Monday, 9 March 2015

Theme and Variations

In the early years of learning to play the piano, one of the pieces which caught my imagination was the Harmonious Blacksmith by Handel. Apparently inspired by the rhythmic sounds coming a blacksmith’s forge, it begins with a relatively simple melody which expresses a sense of joy in response to the beat of the blacksmith’s hammer. But Handel wasn’t content to leave it as a short piece. He began to play around with what he had written – the theme – and created a different melody which followed the shape – the rise and fall – of the first and kept the same pattern of harmony underneath. This was the first variation on the theme. After that he did it again, and then again, creating six variations in all. Many composers have done similar things, experimenting with different ways of expressing the same musical idea, pushing the boundaries to find out how far they can go before one theme transforms into a totally new one.

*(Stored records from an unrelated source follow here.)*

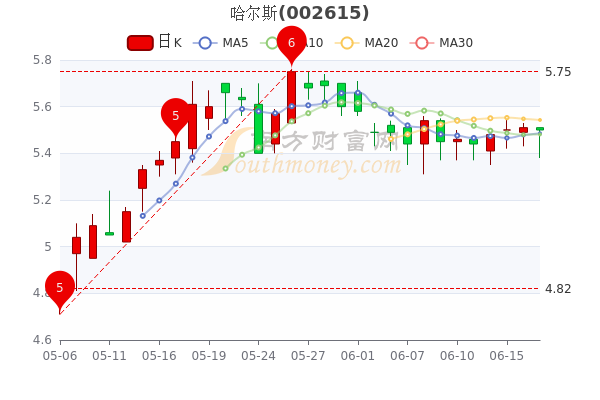 6月17日消息,哈尔斯5日内股价上涨1.09%,最新报5.5元,成交量4.31万手,总市值为22.75亿元。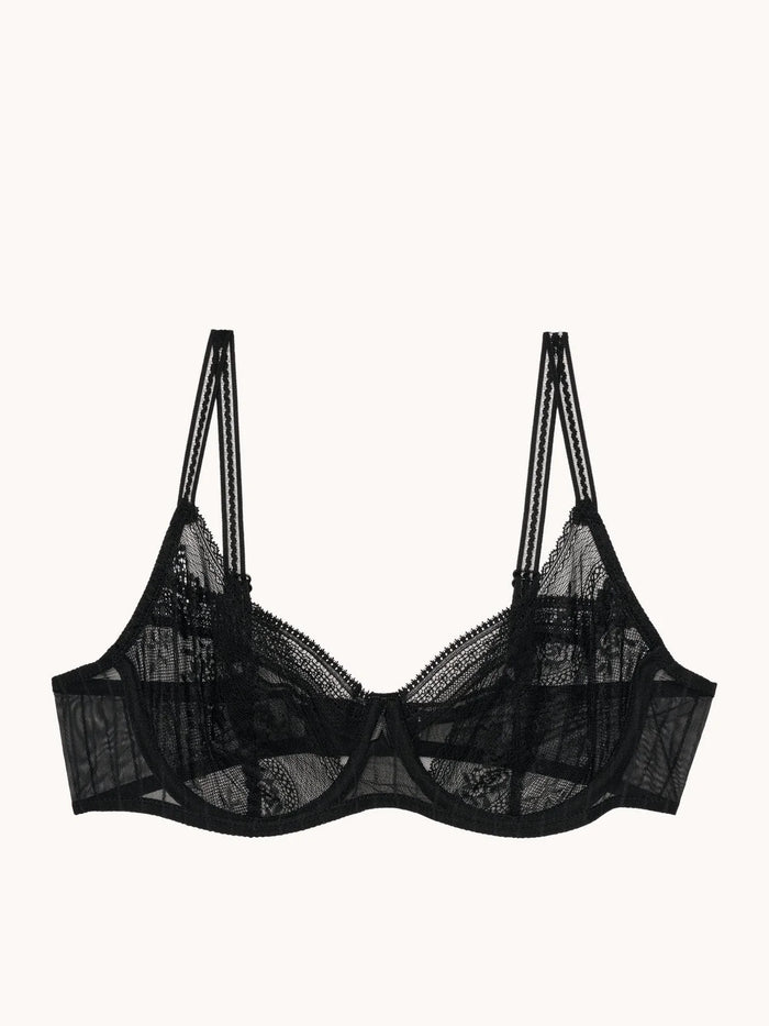 • Σουτιέν 3/4 χωρίς ενίσχυση, με μπανέλα σε μαύρο χρώμα. Από πολλή απαλή δαντέλα που δε διαγράφει από τα ρούχα σας.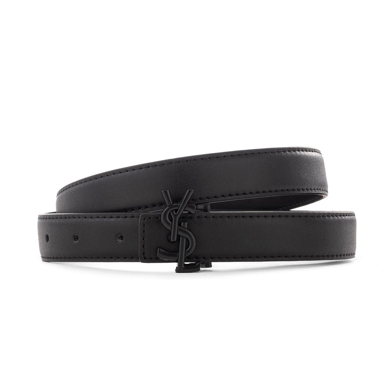"This is a Saint Laurent all-black leather belt featuring a smaller, sleek 'YSL' monogram buckle with a matte black finish. It's a minimalist and sophisticated accessory, perfect for a refined look."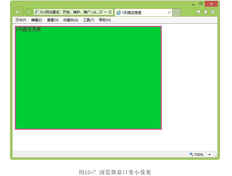 ?在瀏覽器中瀏覽,由于是固定寬度,無論怎樣改變?yōu)g覽器窗口大小,Div的寬度都不改變,如圖10-7和圖10-8所示。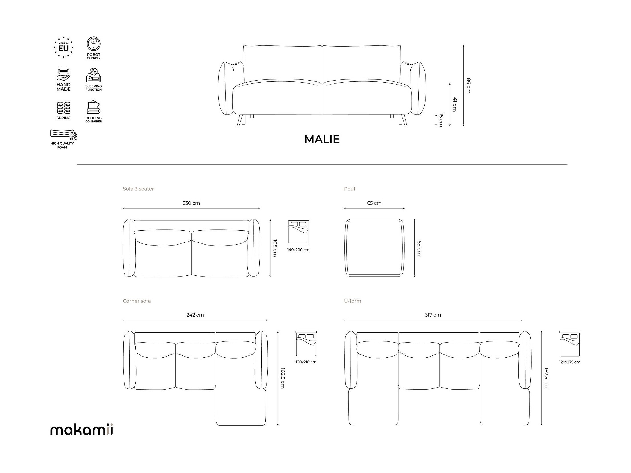 Canapé Dcorv, Canapé conteneur 3 places linéaire, Canapé de salon en tissu rembourré avec ouverture clic-clac, 223x84xh80 cm, Gris

I think prayer can be a bit like that. When we are waiting for what seems like a long time for answers we are encouraged to be persistent. But praying the same thing over and over again can become a numbing experience. How many times have you prayed ‘Our Father who art in heaven…’ and got to the end of the prayer without being conscious of what you were praying? And does that matter? Given that our minds work on different levels of consciousness, the activity may still have value, but on a conscious level many have given up praying for a particular issue too soon because the answers haven’t come quickly enough and the prayer loses the passion which first inspired it.

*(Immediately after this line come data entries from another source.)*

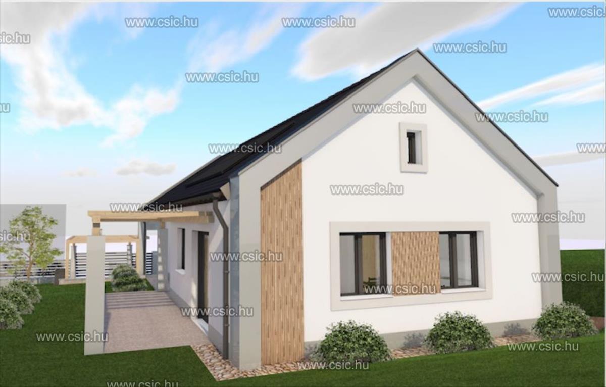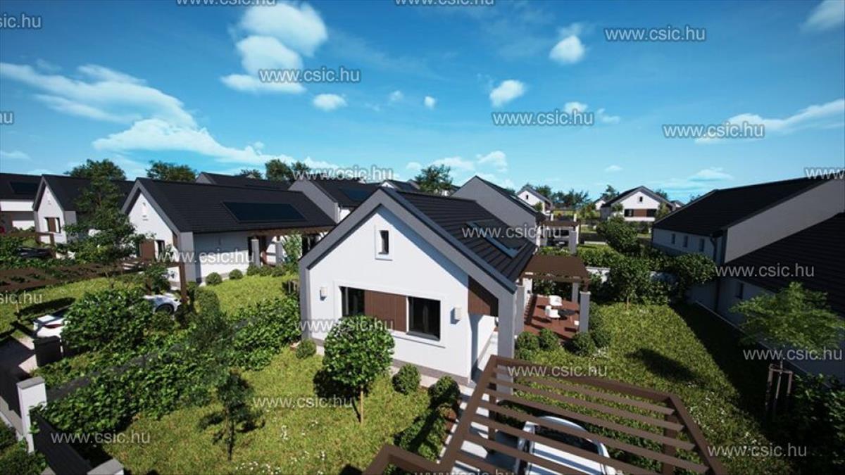 Műszaki adatok: Az épület 35 cm-es pck légcsatornás (ProKoncept) falazóelemből épül 15-25 cm-es neopor homlokzat-, födém-, tető szigeteléssel. a nyeregtető fa szerkezetű, a héjazat antracit szürke bramac betoncserép. a padlófűtéshez és a használathoz a meleg víz előállítás hőszivattyúval történik. a hűtést és a szellőzést egy fancoil rendszer biztosítja. a fürdőszobában elektromos törölköző szárítót szerelnek. Műanyag ablakok 3 rétegűek, minőségi beltéri ajtók válaszható színben, több ponton záródó bejárati ajtó, választható minőségi burkolatok /szaniterek.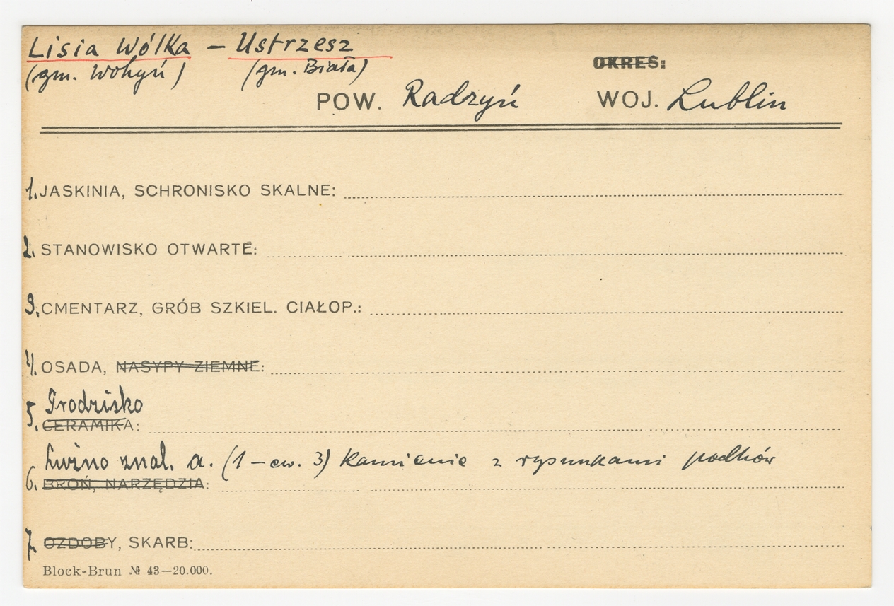 Karta stanowiska "Lisia Wólka - Ustrzesz gm. Wohyń Biała pow. Radzyń woj. Lublin" (druk rękopis) - strona 1
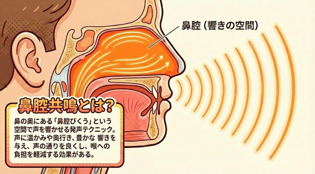 通る声、響く声を手に入れるために不可欠なのが「鼻腔共鳴びくうきょうめい」です。

Finding the variations on the theme is a challenging process and, I believe, God inspired. When God makes us wait for his answers he has something new to teach us – and remember that prayer is more about changing our minds and making us act rather than changing God’s mind or making him act. As we explore different angles (variations) on our prayer request (the theme), by praying for the same thing in different ways, we gain in understanding of what we are praying for. And when such prayers are answered they are usually more than simply lessons in persistence and patience; they do more than expand our understanding. The theme has expressed our passion; the variations are God’s way of intensifying that passion until we have no option but to act in response to that passion. And God smiles, because we got the message! He has answered our prayer!